Task objective:
Would you print the lines below exactly, beginning at the line that has "Кожаная обложка на" and stopping after the line that has "小運播報:2024年5月3日,星期五,農曆三月廿五,法定工作日。"? Only those lines, and no pictures.

Records to use:
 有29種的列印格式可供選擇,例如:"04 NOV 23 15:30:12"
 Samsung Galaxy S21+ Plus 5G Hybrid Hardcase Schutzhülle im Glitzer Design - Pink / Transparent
==
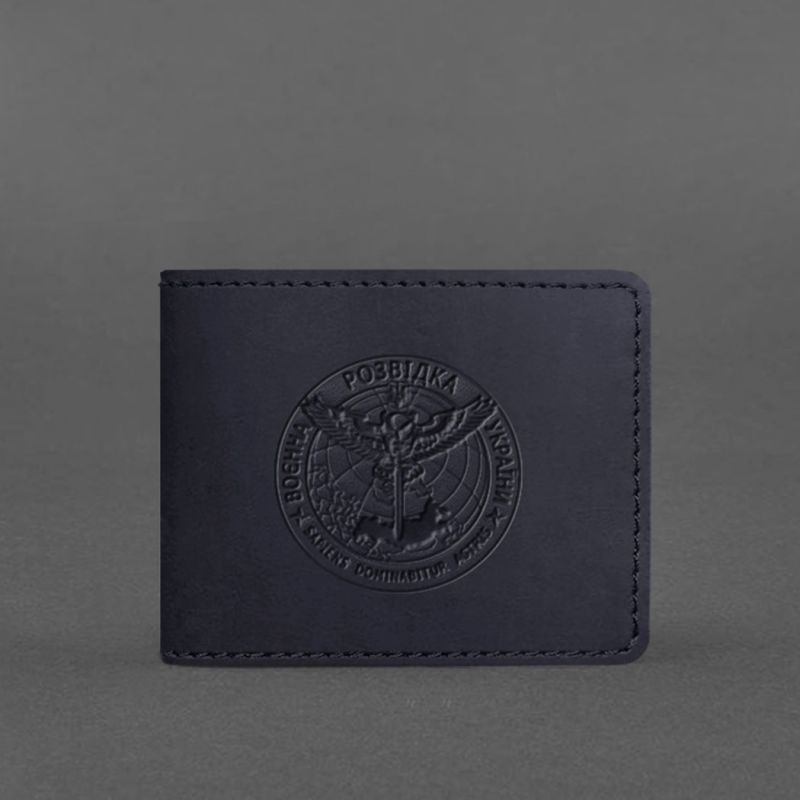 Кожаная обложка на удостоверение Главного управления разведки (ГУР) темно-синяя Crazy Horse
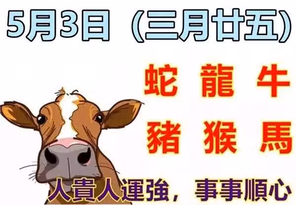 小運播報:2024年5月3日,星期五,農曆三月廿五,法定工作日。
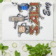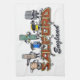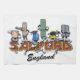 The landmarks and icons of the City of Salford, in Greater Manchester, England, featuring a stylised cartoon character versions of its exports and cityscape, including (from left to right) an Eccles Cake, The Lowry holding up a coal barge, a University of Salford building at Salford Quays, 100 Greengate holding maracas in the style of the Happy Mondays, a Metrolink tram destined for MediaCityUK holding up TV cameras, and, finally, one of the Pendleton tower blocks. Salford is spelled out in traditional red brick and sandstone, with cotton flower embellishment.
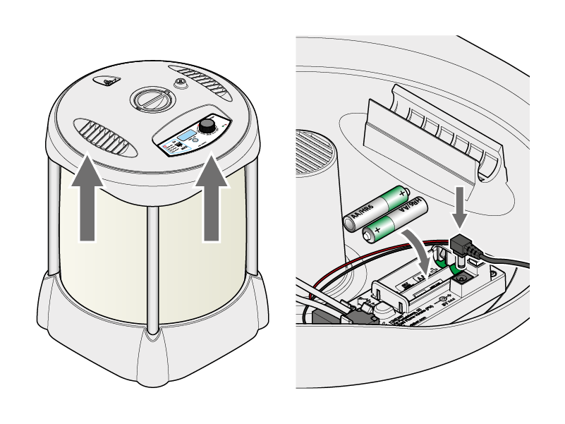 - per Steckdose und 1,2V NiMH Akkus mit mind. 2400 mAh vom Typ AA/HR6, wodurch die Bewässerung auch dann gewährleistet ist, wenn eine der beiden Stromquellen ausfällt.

Solution to this exercise:
 Кожаная обложка на удостоверение Главного управления разведки (ГУР) темно-синяя Crazy Horse
 小運播報:2024年5月3日,星期五,農曆三月廿五,法定工作日。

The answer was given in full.